[What is expected] Go through the listing below, and from the line containing "Beskrivning: Sala gruva" through its last line, transcribe every line exactly, skipping pictures.

[Information supplied]
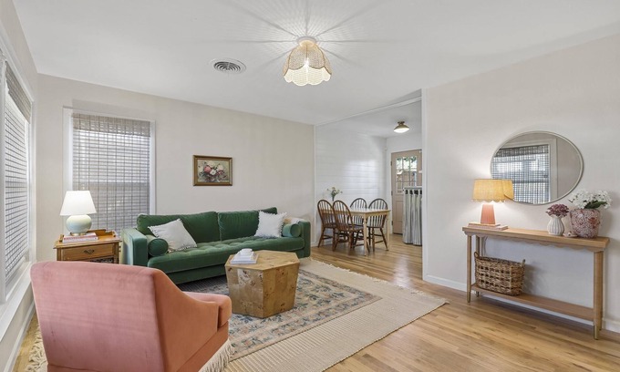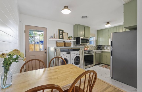 Welcome to our newly renovated two bedroom, one bath Fort Worth cottage. This property features a fully stocked kitchen, full size washer/dryer, luxury linens, TVs in each room, high speed wifi, and a small back patio with a propane grill perfect for outdoor dining. The property is located in a mixed use neighborhood off Camp Bowie Circle, within 15 minutes from Downtown FTW, TCU, & Dickies Arena, and 20 minutes from the FTW Stockyards.
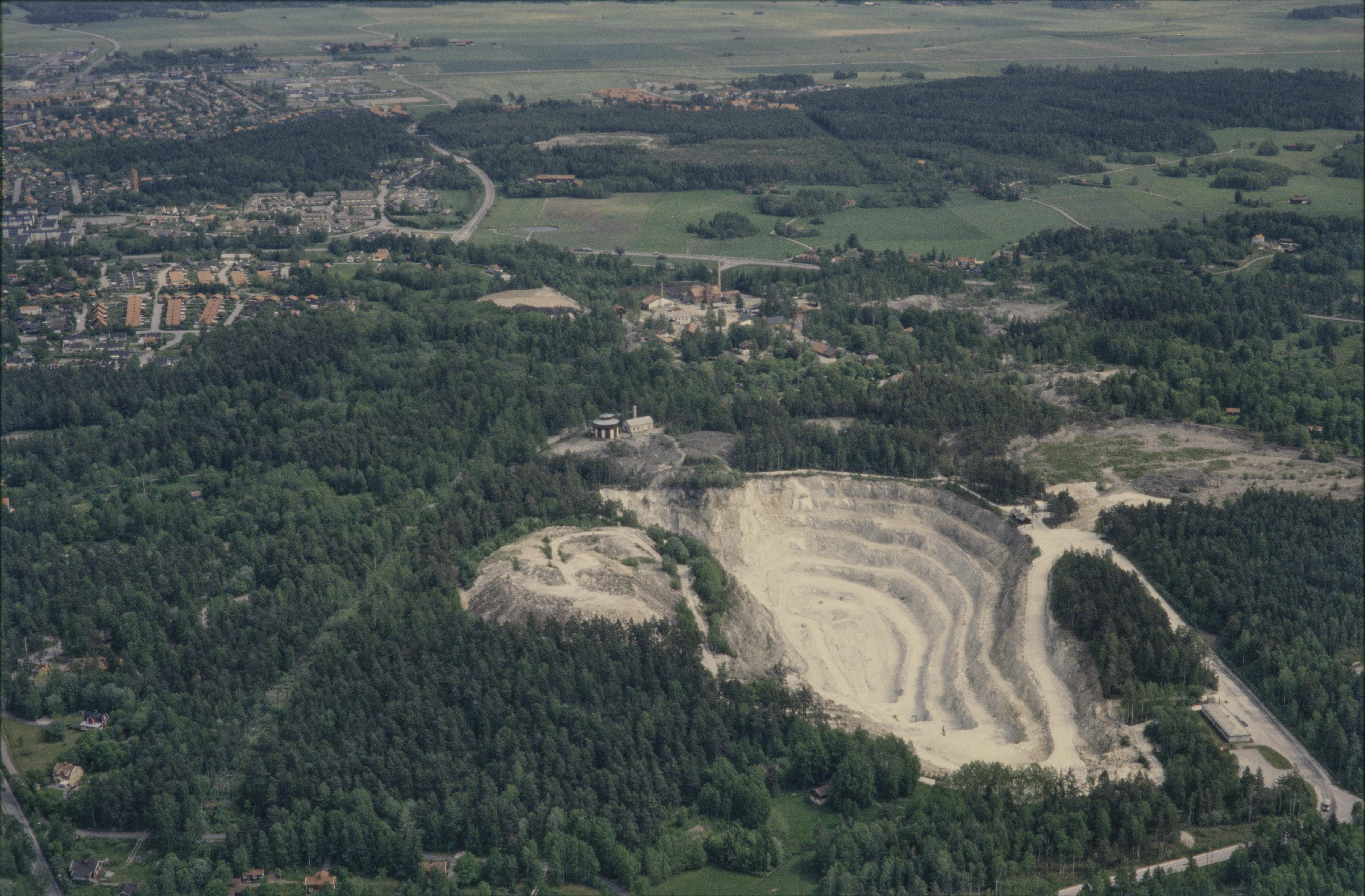 Beskrivning: Sala gruva i sydvästra delen av Sala stad. Nere till höger dolomitmarmorgruvan Tistbrottet. Vid bildens mitt gruvområde RAÄnr Sala stad 215:1-3. Uppe till vänster Sala stad. Uppe till höger Sala silvergruva. Bilden är tagen mot (väderstreck): OSO
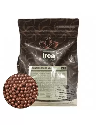 Crunchy beads cu lapte Irca, perlute de orez acoperite cu ciocolata veritabila. Au un diametrul de 2-3 mm

[Answer for this exercise]
 Beskrivning: Sala gruva i sydvästra delen av Sala stad. Nere till höger dolomitmarmorgruvan Tistbrottet. Vid bildens mitt gruvområde RAÄnr Sala stad 215:1-3. Uppe till vänster Sala stad. Uppe till höger Sala silvergruva. Bilden är tagen mot (väderstreck): OSO
 Crunchy beads cu lapte Irca, perlute de orez acoperite cu ciocolata veritabila. Au un diametrul de 2-3 mm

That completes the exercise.